Despite a continent between them, events conspired to bring my parents together, and we settled in SoCal, with Mom’s family all nearby. As a small child, I was told that the Police are there to help, and to go to them if I was ever lost or hurt. As I grew, I was supplied with nuance. I was taught that they are there to work for you, not to rule over you, and to never let them go one step further than necessary and right. I was told stories from my older, browner family, of a fleet of squad cars called on a cousin simply for making a doughnut run without his driver’s license. I watched, in person, as a cop sneered down at my Spanish-surnamed cousin, 14 and nearly run over on his skateboard by a woman speeding through a residential zone. A woman who fled the scene, only to return later with reinforcements to claim compensation for damage inflicted by his board, which I do believe is known as a hit-and-run. But anyway, brown kid equals wrong, right?

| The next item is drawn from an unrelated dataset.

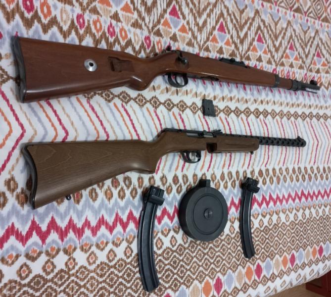 Vendo dos carabinas del cal. 22LR, una Pietta PPS-50 (réplica del subfusil soviético PPSH-41), y una Norinco JW25 (réplica del alemán Mauser Kar 98K), en buen estado, con señales normales de uso.

I know that I am white because when I was pulled over at 19 for a busted rear light, the cop took my license and asked if I needed my glasses to see before administering the field sobriety test (which he didn’t even make me get out of the car for!), and I rolled my eyes and told him “The license you’re holding says ‘Corrective Lenses Required.'” Then he let me follow the pen with my eyes and be on my way with a “Fix it, kid.” Nothing more.
I know I am white because of my brown. Because I have been, hands-on and first-person, raised within a non-white community; because I saw for myself what America does to its people of color, and because I know now that I have not and will not face these trials. There’s not really an off-white America, nowhere in the middle for me to dwell, no miscegenation nation. I could try to stick myself into Brown America, but I already know I haven’t had that life experience. Looking at the taijitu, I feel like the little dots, the yin in the yang and the yang in the yin. When they ask my race and ethnicity on a form, I love love LOVE IT when I get to check off both “White, non-Latino” and “Latino, non-White.” But ultimately, it’s an accessory. Something I can choose to put on, If i think it’ll look good. I wear it all the time, and I wear it proudly – hell, it’s why I wanted the tattoo! – but it is not and never will be who the world treats me as.
At the end of the day, I know that I am white because one of the biggest problems I face is that a tattoo might accidentally be misinterpreted.